> _Exercise_
Within the listing that follows, reproduce exactly the lines starting at the line with "Click Crop to" and ending at the line with "Antique Louis XIV", inclusive, and only those. Pictures are dropped.

> _Data for this exercise_
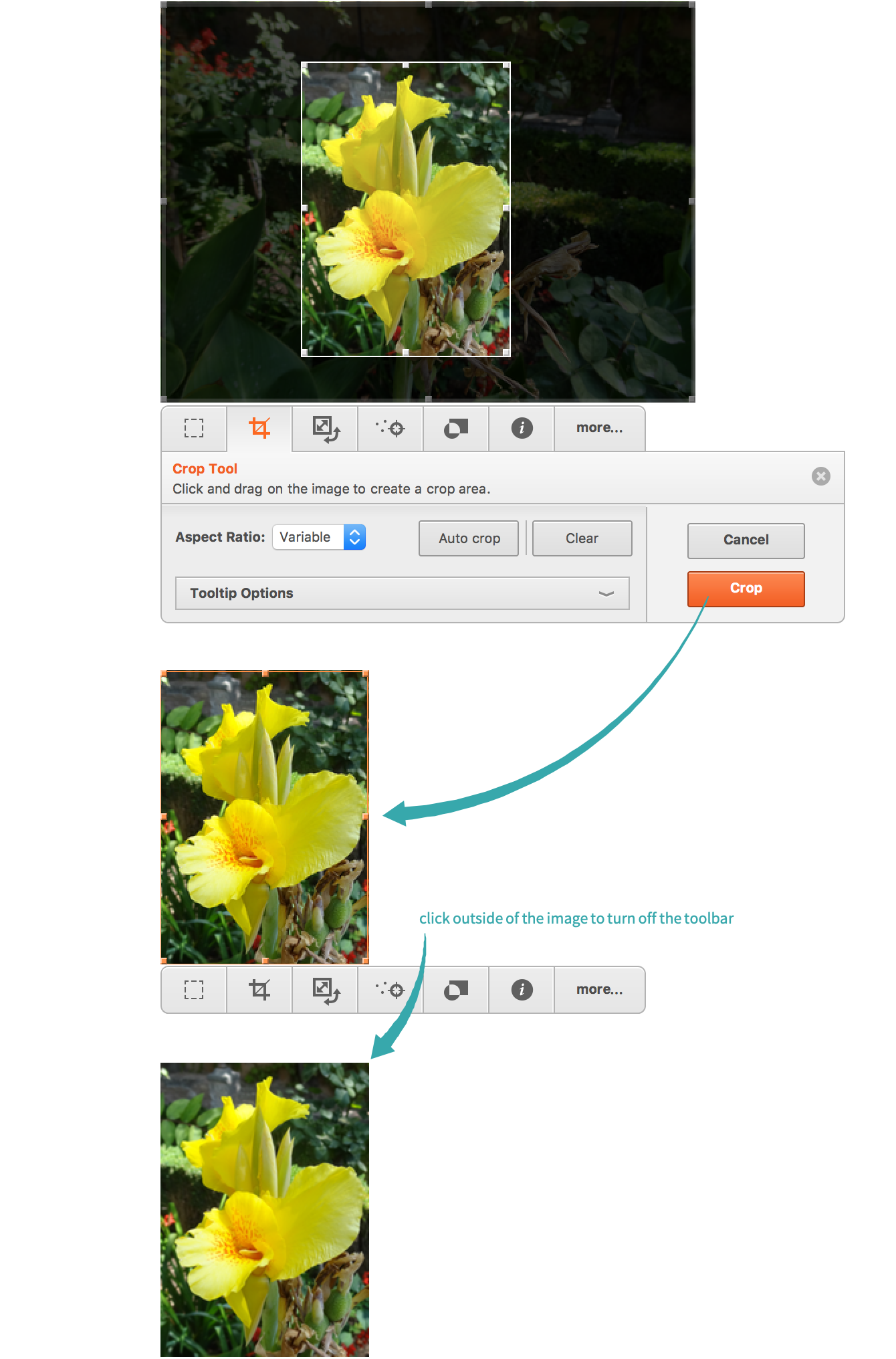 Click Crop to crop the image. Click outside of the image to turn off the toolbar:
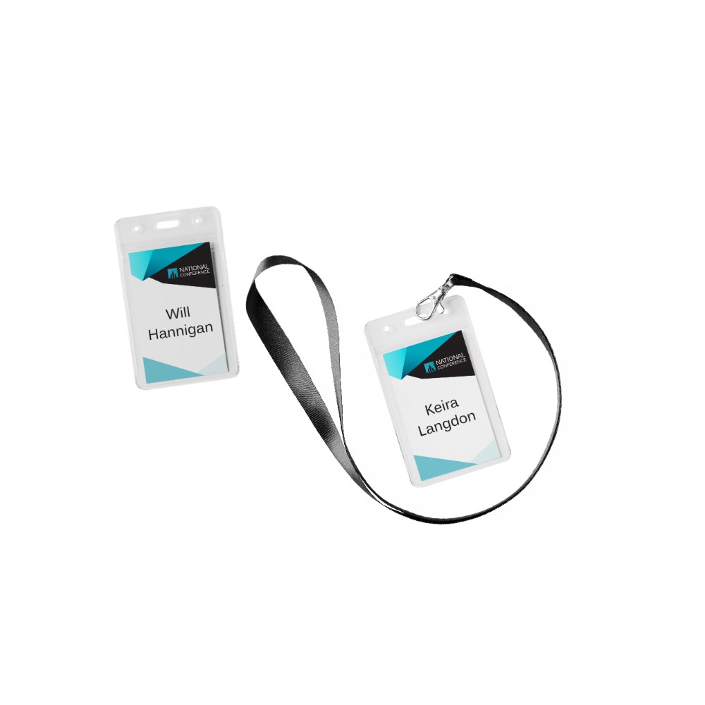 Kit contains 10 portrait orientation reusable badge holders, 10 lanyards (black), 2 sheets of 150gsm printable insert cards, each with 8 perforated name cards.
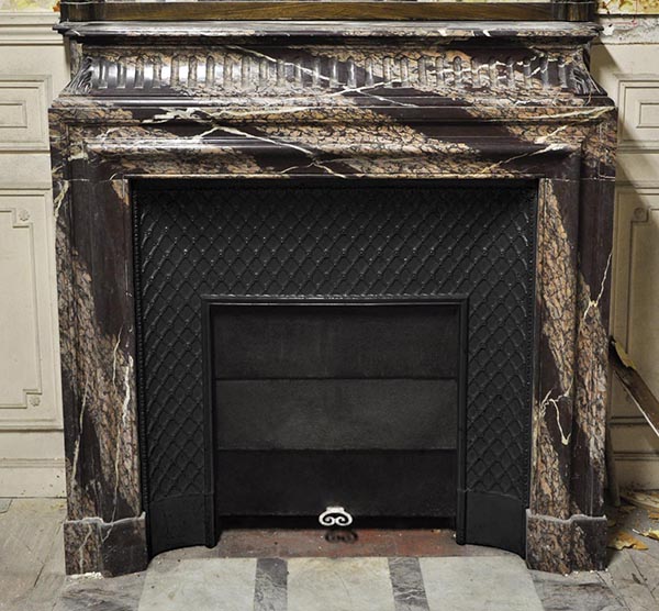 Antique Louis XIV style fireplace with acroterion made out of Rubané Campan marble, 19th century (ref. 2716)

==

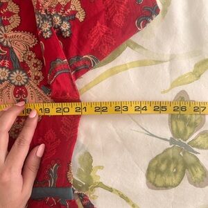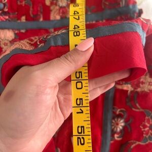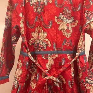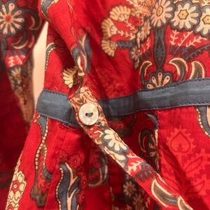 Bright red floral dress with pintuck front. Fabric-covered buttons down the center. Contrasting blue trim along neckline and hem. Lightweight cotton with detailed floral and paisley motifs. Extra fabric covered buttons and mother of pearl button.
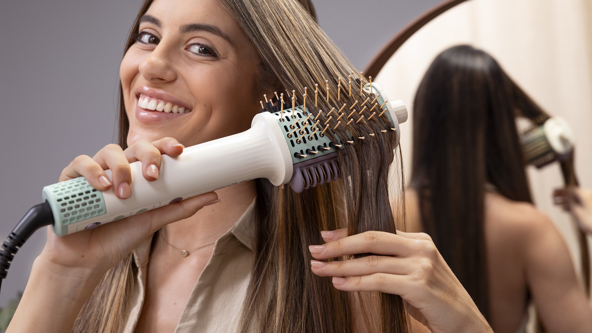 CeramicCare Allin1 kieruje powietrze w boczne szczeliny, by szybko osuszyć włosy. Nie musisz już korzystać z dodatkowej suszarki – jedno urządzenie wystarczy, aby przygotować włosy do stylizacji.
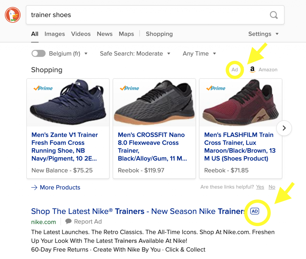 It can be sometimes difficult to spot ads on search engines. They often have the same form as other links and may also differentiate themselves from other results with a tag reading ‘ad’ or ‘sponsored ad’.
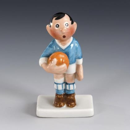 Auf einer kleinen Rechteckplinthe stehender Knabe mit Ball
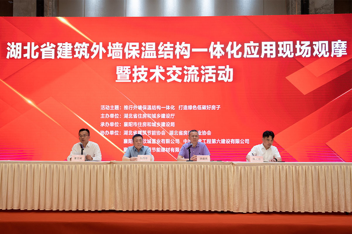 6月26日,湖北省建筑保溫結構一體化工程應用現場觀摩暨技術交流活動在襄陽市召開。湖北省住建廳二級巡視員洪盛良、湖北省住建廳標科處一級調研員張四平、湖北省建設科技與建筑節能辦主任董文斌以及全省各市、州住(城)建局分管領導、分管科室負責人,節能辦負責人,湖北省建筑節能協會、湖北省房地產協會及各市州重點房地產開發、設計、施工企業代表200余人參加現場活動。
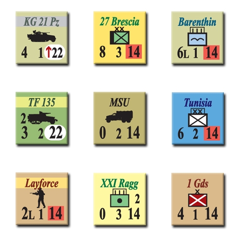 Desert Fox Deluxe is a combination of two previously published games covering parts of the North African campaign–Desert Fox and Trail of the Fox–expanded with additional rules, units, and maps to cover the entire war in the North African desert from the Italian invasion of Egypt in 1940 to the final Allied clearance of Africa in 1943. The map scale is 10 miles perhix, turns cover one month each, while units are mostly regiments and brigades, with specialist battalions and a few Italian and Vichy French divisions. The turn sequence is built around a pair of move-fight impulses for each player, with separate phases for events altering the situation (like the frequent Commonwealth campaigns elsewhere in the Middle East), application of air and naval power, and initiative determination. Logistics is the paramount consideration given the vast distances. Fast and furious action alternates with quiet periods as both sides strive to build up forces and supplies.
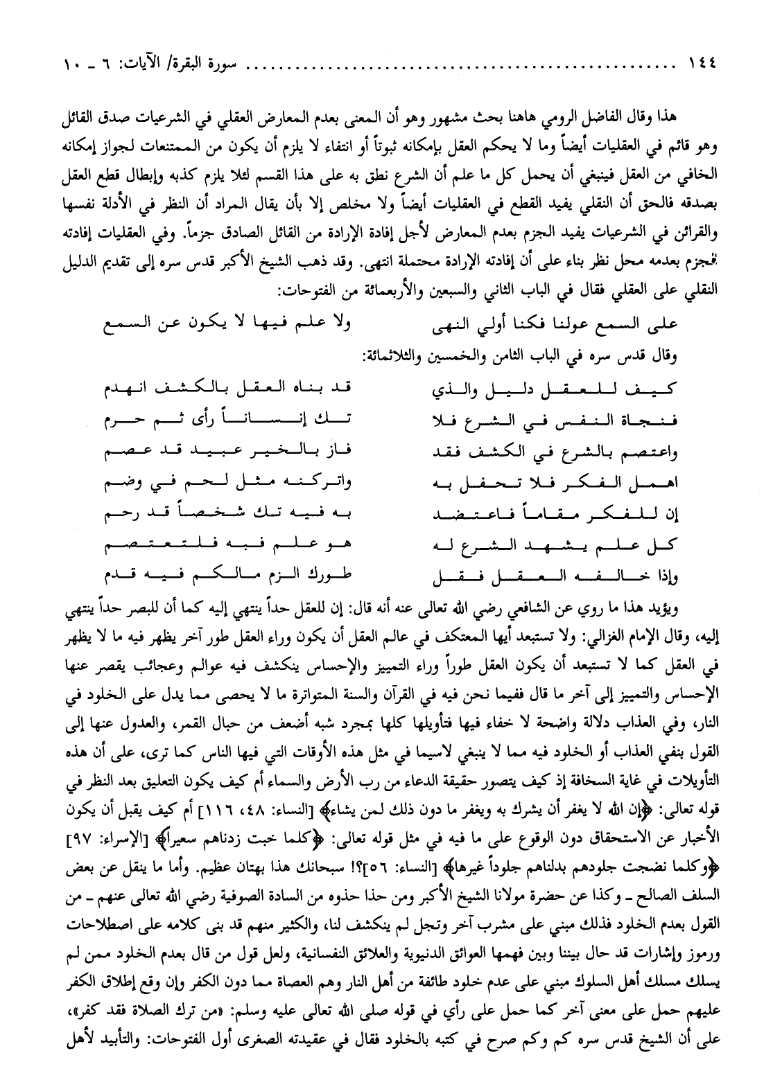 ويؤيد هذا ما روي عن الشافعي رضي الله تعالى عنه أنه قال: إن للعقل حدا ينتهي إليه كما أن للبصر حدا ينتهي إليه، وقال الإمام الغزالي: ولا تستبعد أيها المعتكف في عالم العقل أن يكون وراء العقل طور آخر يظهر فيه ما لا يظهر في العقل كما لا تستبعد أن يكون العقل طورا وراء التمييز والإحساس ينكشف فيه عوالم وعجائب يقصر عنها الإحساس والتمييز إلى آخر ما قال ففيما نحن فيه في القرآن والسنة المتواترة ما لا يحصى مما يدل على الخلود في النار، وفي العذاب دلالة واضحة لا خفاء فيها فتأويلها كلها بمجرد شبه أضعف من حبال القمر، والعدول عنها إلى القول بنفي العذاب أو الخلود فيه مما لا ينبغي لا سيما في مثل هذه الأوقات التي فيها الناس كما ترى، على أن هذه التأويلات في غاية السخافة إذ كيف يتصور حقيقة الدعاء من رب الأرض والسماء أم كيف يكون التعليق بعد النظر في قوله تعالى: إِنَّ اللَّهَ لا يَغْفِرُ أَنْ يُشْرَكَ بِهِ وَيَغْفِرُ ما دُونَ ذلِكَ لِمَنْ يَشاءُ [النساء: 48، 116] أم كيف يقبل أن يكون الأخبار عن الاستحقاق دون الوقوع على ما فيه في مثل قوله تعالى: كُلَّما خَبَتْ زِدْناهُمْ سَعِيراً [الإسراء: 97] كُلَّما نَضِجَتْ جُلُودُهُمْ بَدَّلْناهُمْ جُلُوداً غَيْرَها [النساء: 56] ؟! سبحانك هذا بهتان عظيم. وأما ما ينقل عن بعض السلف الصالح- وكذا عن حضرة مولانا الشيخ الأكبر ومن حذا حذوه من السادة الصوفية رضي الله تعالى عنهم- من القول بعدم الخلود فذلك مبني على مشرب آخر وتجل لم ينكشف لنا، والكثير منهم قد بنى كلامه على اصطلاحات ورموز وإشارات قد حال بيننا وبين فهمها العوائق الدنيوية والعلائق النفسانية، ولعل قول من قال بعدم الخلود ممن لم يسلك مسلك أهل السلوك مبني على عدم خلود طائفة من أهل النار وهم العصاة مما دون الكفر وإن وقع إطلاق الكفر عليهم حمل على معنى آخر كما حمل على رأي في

> _Solution below_
 Click Crop to crop the image. Click outside of the image to turn off the toolbar:
 Kit contains 10 portrait orientation reusable badge holders, 10 lanyards (black), 2 sheets of 150gsm printable insert cards, each with 8 perforated name cards.
 Antique Louis XIV style fireplace with acroterion made out of Rubané Campan marble, 19th century (ref. 2716)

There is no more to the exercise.